Rob Stevens, Analytical Consultant in SAS Global Professional Services, has suggested guidelines for running a fair and informative bake-off, emulating real-world circumstances. (It is easy for a bake-off to be “fixed” in favor of a preferred vendor, so these guidelines should be adhered to.):
• Provide all necessary information (including historical demand data and events).
• Provide sufficient history for vendors to be able to utilize holdout samples for evaluating their models.
• Give vendors sufficient time to analyze your data—don’t force them to take shortcuts that you would not take in real-life forecasting.
• Assist vendors with the domain experience they may lack regarding your business—perhaps by having a project team member assigned to support the vendors during the bake-off.
• Do not “fix” the bake-off with arbitrary rules to put favored vendors at an advantage. (Not only is this completely unethical but, it prevents you from getting a fair assessment of each vendor’s performance.)
• Be aware that a bake-off is a one-shot event, and the results may be somewhat due to chance. Better forecasting systems evolve over time, incorporating learnings from each forecasting cycle.
• Utilize appropriate evaluation metrics—not just focusing on error (MAPE) or accuracy. Also consider the bias in the competing forecasts, and the “value added” compared to using a naïve model.
• Be aware that simple models are often better at forecasting the future, even though they may not fit the past as well as more complex models. Access to a wide range of model choices is good, but fancier models will not guarantee better forecasts. Focus on the quality of the future forecasts, not on the model fit to history.

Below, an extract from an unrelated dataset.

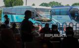 Penumpang menunggu jadwal keberangkatan bus di Terminal Kampung Rambutan, Jakarta, Senin (26/4). Jumlah penumpang di Terminal Kampung Rambutan mengalami penurunan hingga 40 persen menyusul adanya adendum Surat Ederan Satuan Tugas Penanganan COVID-19 tentang pengetatan persyaratan Pelaku Perjalanan Dalam Negeri (PPDN) selama H-14 peniadaan mudik atau 22 April - 2 Mei 2021 hingga H+7 peniadaan mudik 18 Mei - 24 Mei 2021. Republika/Thoudy Badai (FOTO : Republika/Thoudy Badai)

• Beware of organization politics that may contaminate the bake-off evaluation.
Note that a bake-off is no substitute for a full-scale Proof-of-Concept/Proof-of-Value that demonstrates the software’s performance with the organization’s full data. A proper POC/POV can require a significant commitment of time and resources from the vendor, and the selection team should budget to pay for the service provided.